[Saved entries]
>>>
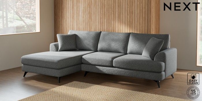 7.2.5 Buy Parker Large Sofa Chaise - Left Hand Chunky Boucle Easy Clean Mid Grey High Metal - Black from the Next UK online shop Click here to use our accessible website
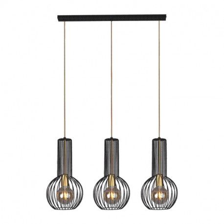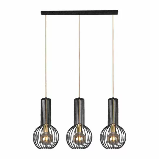 Lampa wisząca to oprawa z designerskiej serii ARVI. Lampy z tej serii to wykonane z metalu klosze w formie kraty i odsłoniętą żarówką zawieszone na długich przewodach. Długość zawieszenia podlega regulacji. Na tej aukcji oferujemy lampę w kolorze czarno złotym. Absolutna nowość i hit wśród projektantów. Polecamy zastosowanie dekoracyjnych żarówek LED, które idealnie sprawdzą się w tego typu lampach (brak źródła światła w zestawie). Blask wydobywający się spomiędzy drutów tworzy niepodrabialny klimat. Złote elementy kontrastują z głęboką czernią, nadając wiszącej konstrukcji wyjątkowy charakter. Prostota budowy czyni lampę niezwykle uniwersalną.
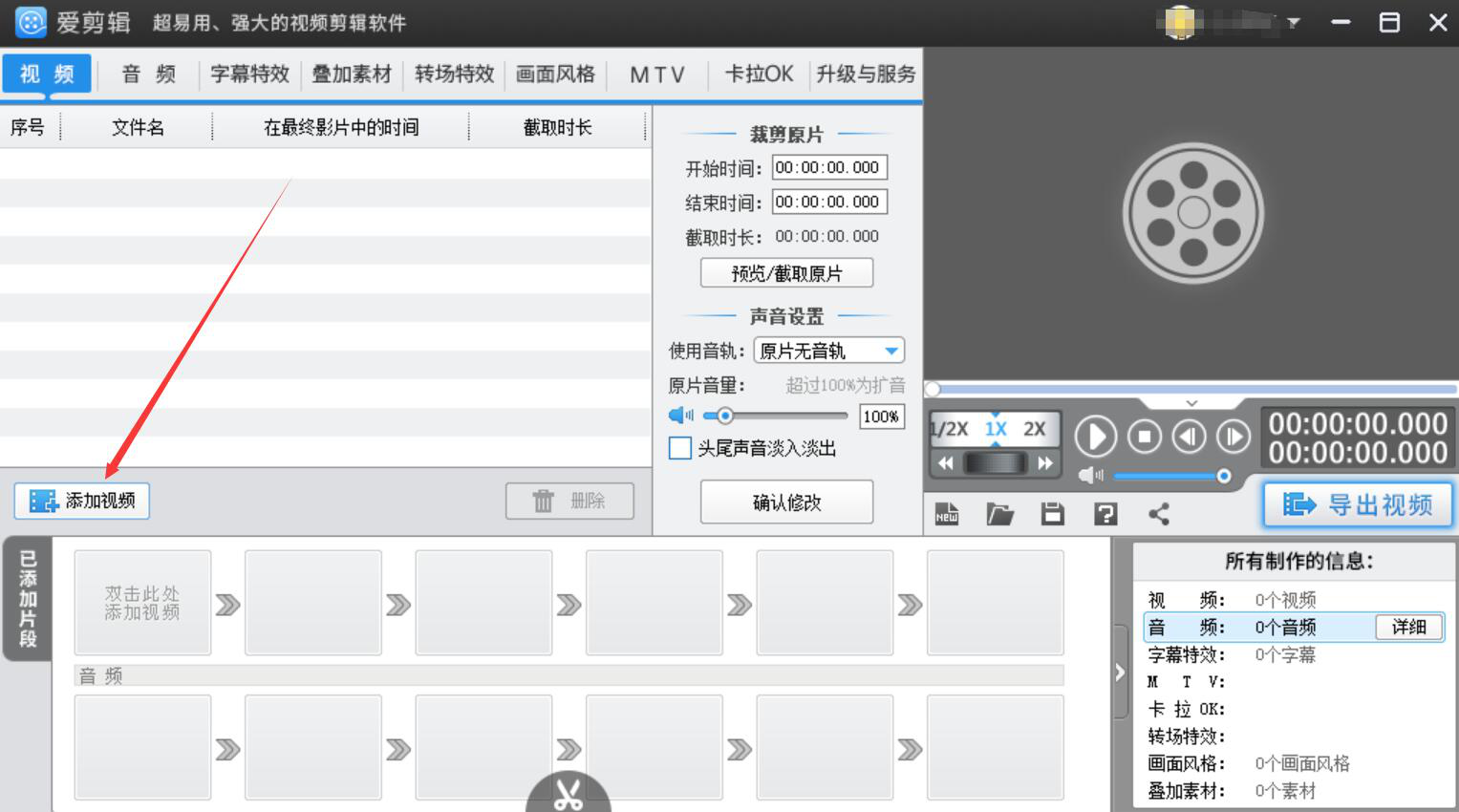 1、首先,我们打开爱剪辑,点击界面左侧的“添加视频”按钮。
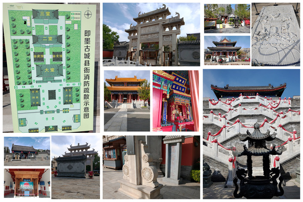 此洞據說是菩薩聚集的地方,巧遇2位女師父和信徒來此虔誠參拜,信徒一拜一叩首,可能是有事相求而來,科學查證此窟,事實上是冰川留下來的遺跡,一路走來的路上,讓人心情非常舒服,雖然偶有下雨,但都不算下得太大,唯有在我離開時才下大雨,所以這一路很幸運。 第四天的青島決定去拜訪一座三國時期魏朝就有的法海寺,下午則去參觀即墨古城。 今天一早起床,牙齦疼得厲害,想到觀音菩薩是慈悲的菩薩就在觀音殿內求解除疼痛,結果一路往即墨古城時,真的緩解了不少,因為這一帶不是地鐵區,所以我用百度搜尋,以公車代步,真的是坐公車認識青島郊區,不知不覺來到了葡萄觀光果園區,但因為下午要去即墨,所以不敢買葡萄,因為擰在手上嫌重,搭了大概是2小時才到即墨古城,共搭二輛公車,各花$1,卻車遊了非常大範圍的即墨區,看到非常真切的農村風貌,在大陸公共運輸真的很便民,我想政府應該補貼很多交通費用才對。 即墨古城範圍很大,新修、舊屋都有,保留完好的即墨縣署,讓我了解了清朝司法公堂的規制,參觀即墨古城不要錢,但參觀舊縣署和孔廟是要另外買票的,門票不貴,各$20,我因為此學期準備要介紹司法博物館的歷史,所以選擇進入參觀,認為值回票價,這座古城。想對清朝的縣城有所了解可以花時間細細走訪,縣城內的規劃非常完善,成格子狀的城市設計。
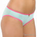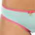 Комплект состоит из двух трусиков слипов. Трусики выполнены из эластичной трикотажной ткани, резинки на пройме и талии контрастного цвета, ластовица на хлопковой подкладке. Декорированы оригинальной аппликацией.
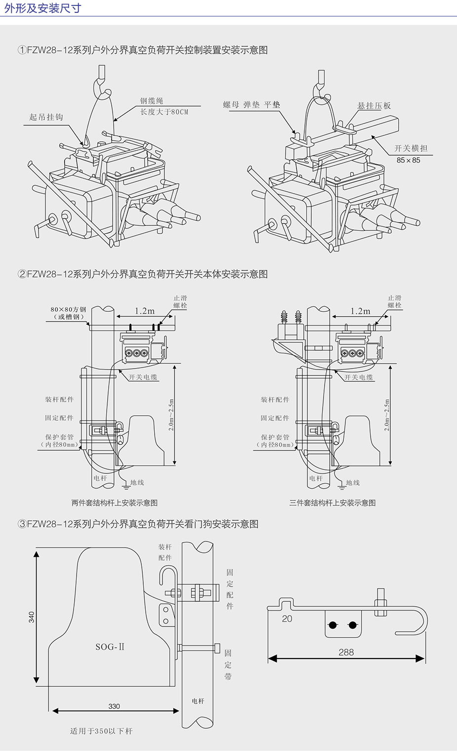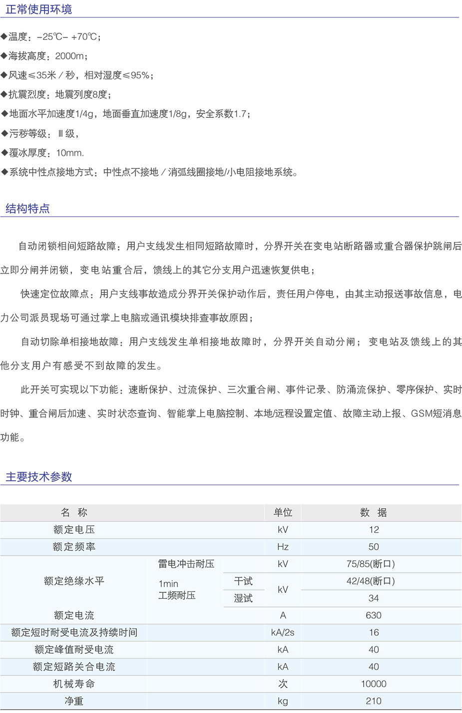 FZW28(A)-12F型戶(hù)外分界真空負(fù)荷開(kāi)關(guān)使用于柱上安裝的場(chǎng)合,具有手動(dòng)和電動(dòng)操作功能。開(kāi)關(guān)本體采用引進(jìn)日本東芝公司VSP5-12,本開(kāi)關(guān)為免維護(hù)負(fù)荷開(kāi)關(guān)。采用真空滅弧和SF6氣體作對(duì)地及相間絕緣介質(zhì)。本產(chǎn)品符合:GB3804《高壓交流負(fù)荷開(kāi)關(guān)》及GBT11022《高壓開(kāi)關(guān)設(shè)備和控制設(shè)備標(biāo)準(zhǔn)的共用技術(shù)要求》。本說(shuō)明描述了柱上真空負(fù)荷開(kāi)關(guān)的結(jié)構(gòu)、功能和組裝方法。 FZW28(A)-12F型戶(hù)外分界真空負(fù)荷開(kāi)關(guān)(VSP5-12開(kāi)關(guān)本體與FDR-01控制器)具備故障檢測(cè)功能,保護(hù)控制功能和通訊功能,安裝于10KV架空線(xiàn)路上,可實(shí)現(xiàn)自動(dòng)切除單相接地故障和自動(dòng)隔離相間短路故障。安裝點(diǎn)適用于10KV配電線(xiàn)路用戶(hù)進(jìn)線(xiàn)的責(zé)任分界點(diǎn)處,也可以適用于符合要求的分支線(xiàn)連接處。 該智能負(fù)荷開(kāi)關(guān)具備SOG功能。
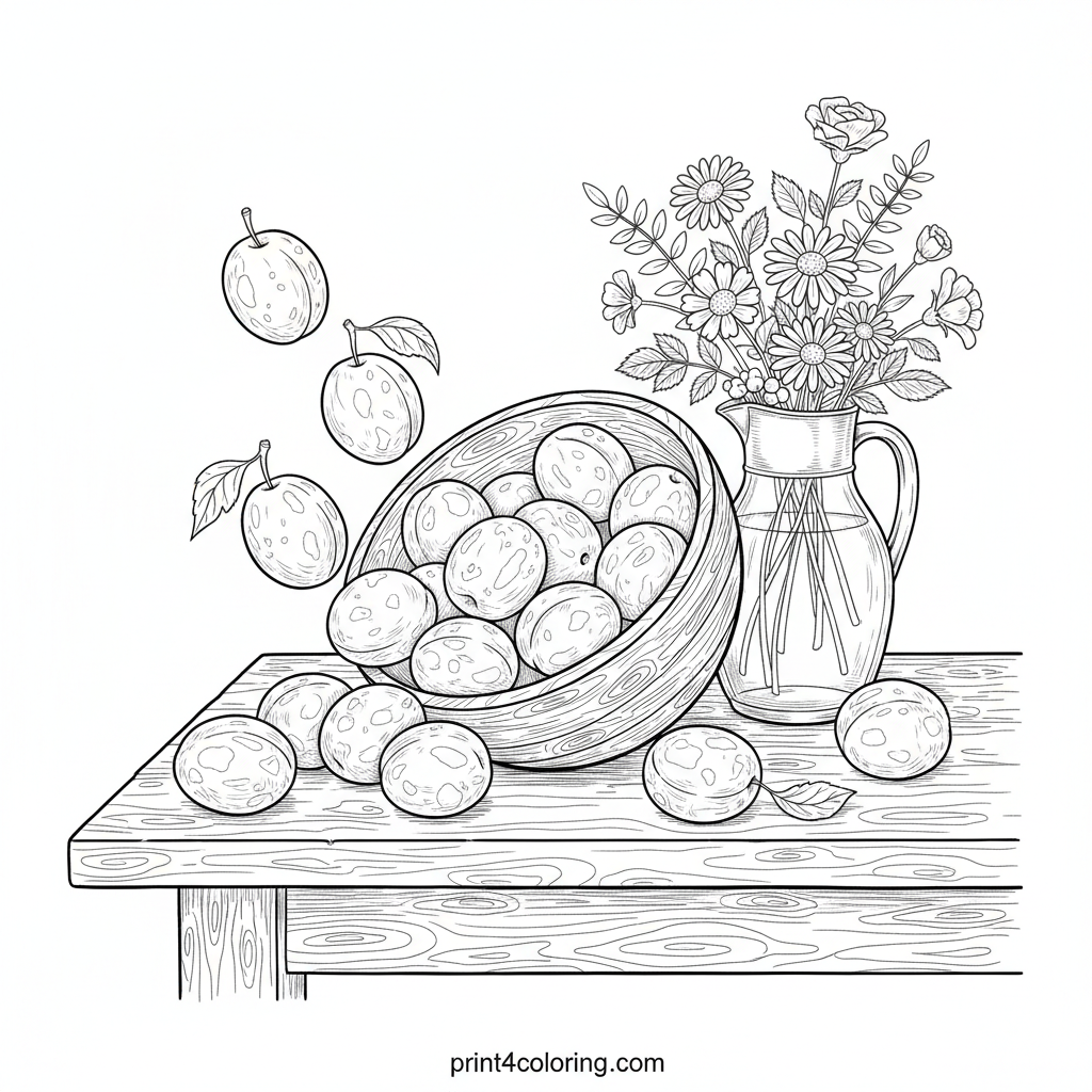 Dive into a beautiful still life scene featuring a rustic wooden bowl overflowing with plump, ripe plums. Scattered around, some plums still boast their delicate stems. In the background, a vintage glass pitcher holds a charming bouquet of wildflowers, inviting you to add vibrant colors to this bountiful harvest.
<<<
Work order —
Transcribe the records in full and exactly. Pictures stay out.

Answer box —
 7.2.5 Buy Parker Large Sofa Chaise - Left Hand Chunky Boucle Easy Clean Mid Grey High Metal - Black from the Next UK online shop Click here to use our accessible website
 Lampa wisząca to oprawa z designerskiej serii ARVI. Lampy z tej serii to wykonane z metalu klosze w formie kraty i odsłoniętą żarówką zawieszone na długich przewodach. Długość zawieszenia podlega regulacji. Na tej aukcji oferujemy lampę w kolorze czarno złotym. Absolutna nowość i hit wśród projektantów. Polecamy zastosowanie dekoracyjnych żarówek LED, które idealnie sprawdzą się w tego typu lampach (brak źródła światła w zestawie). Blask wydobywający się spomiędzy drutów tworzy niepodrabialny klimat. Złote elementy kontrastują z głęboką czernią, nadając wiszącej konstrukcji wyjątkowy charakter. Prostota budowy czyni lampę niezwykle uniwersalną.
 1、首先,我们打开爱剪辑,点击界面左侧的“添加视频”按钮。
 此洞據說是菩薩聚集的地方,巧遇2位女師父和信徒來此虔誠參拜,信徒一拜一叩首,可能是有事相求而來,科學查證此窟,事實上是冰川留下來的遺跡,一路走來的路上,讓人心情非常舒服,雖然偶有下雨,但都不算下得太大,唯有在我離開時才下大雨,所以這一路很幸運。 第四天的青島決定去拜訪一座三國時期魏朝就有的法海寺,下午則去參觀即墨古城。 今天一早起床,牙齦疼得厲害,想到觀音菩薩是慈悲的菩薩就在觀音殿內求解除疼痛,結果一路往即墨古城時,真的緩解了不少,因為這一帶不是地鐵區,所以我用百度搜尋,以公車代步,真的是坐公車認識青島郊區,不知不覺來到了葡萄觀光果園區,但因為下午要去即墨,所以不敢買葡萄,因為擰在手上嫌重,搭了大概是2小時才到即墨古城,共搭二輛公車,各花$1,卻車遊了非常大範圍的即墨區,看到非常真切的農村風貌,在大陸公共運輸真的很便民,我想政府應該補貼很多交通費用才對。 即墨古城範圍很大,新修、舊屋都有,保留完好的即墨縣署,讓我了解了清朝司法公堂的規制,參觀即墨古城不要錢,但參觀舊縣署和孔廟是要另外買票的,門票不貴,各$20,我因為此學期準備要介紹司法博物館的歷史,所以選擇進入參觀,認為值回票價,這座古城。想對清朝的縣城有所了解可以花時間細細走訪,縣城內的規劃非常完善,成格子狀的城市設計。
 Комплект состоит из двух трусиков слипов. Трусики выполнены из эластичной трикотажной ткани, резинки на пройме и талии контрастного цвета, ластовица на хлопковой подкладке. Декорированы оригинальной аппликацией.
 FZW28(A)-12F型戶(hù)外分界真空負(fù)荷開(kāi)關(guān)使用于柱上安裝的場(chǎng)合,具有手動(dòng)和電動(dòng)操作功能。開(kāi)關(guān)本體采用引進(jìn)日本東芝公司VSP5-12,本開(kāi)關(guān)為免維護(hù)負(fù)荷開(kāi)關(guān)。采用真空滅弧和SF6氣體作對(duì)地及相間絕緣介質(zhì)。本產(chǎn)品符合:GB3804《高壓交流負(fù)荷開(kāi)關(guān)》及GBT11022《高壓開(kāi)關(guān)設(shè)備和控制設(shè)備標(biāo)準(zhǔn)的共用技術(shù)要求》。本說(shuō)明描述了柱上真空負(fù)荷開(kāi)關(guān)的結(jié)構(gòu)、功能和組裝方法。 FZW28(A)-12F型戶(hù)外分界真空負(fù)荷開(kāi)關(guān)(VSP5-12開(kāi)關(guān)本體與FDR-01控制器)具備故障檢測(cè)功能,保護(hù)控制功能和通訊功能,安裝于10KV架空線(xiàn)路上,可實(shí)現(xiàn)自動(dòng)切除單相接地故障和自動(dòng)隔離相間短路故障。安裝點(diǎn)適用于10KV配電線(xiàn)路用戶(hù)進(jìn)線(xiàn)的責(zé)任分界點(diǎn)處,也可以適用于符合要求的分支線(xiàn)連接處。 該智能負(fù)荷開(kāi)關(guān)具備SOG功能。
 Dive into a beautiful still life scene featuring a rustic wooden bowl overflowing with plump, ripe plums. Scattered around, some plums still boast their delicate stems. In the background, a vintage glass pitcher holds a charming bouquet of wildflowers, inviting you to add vibrant colors to this bountiful harvest.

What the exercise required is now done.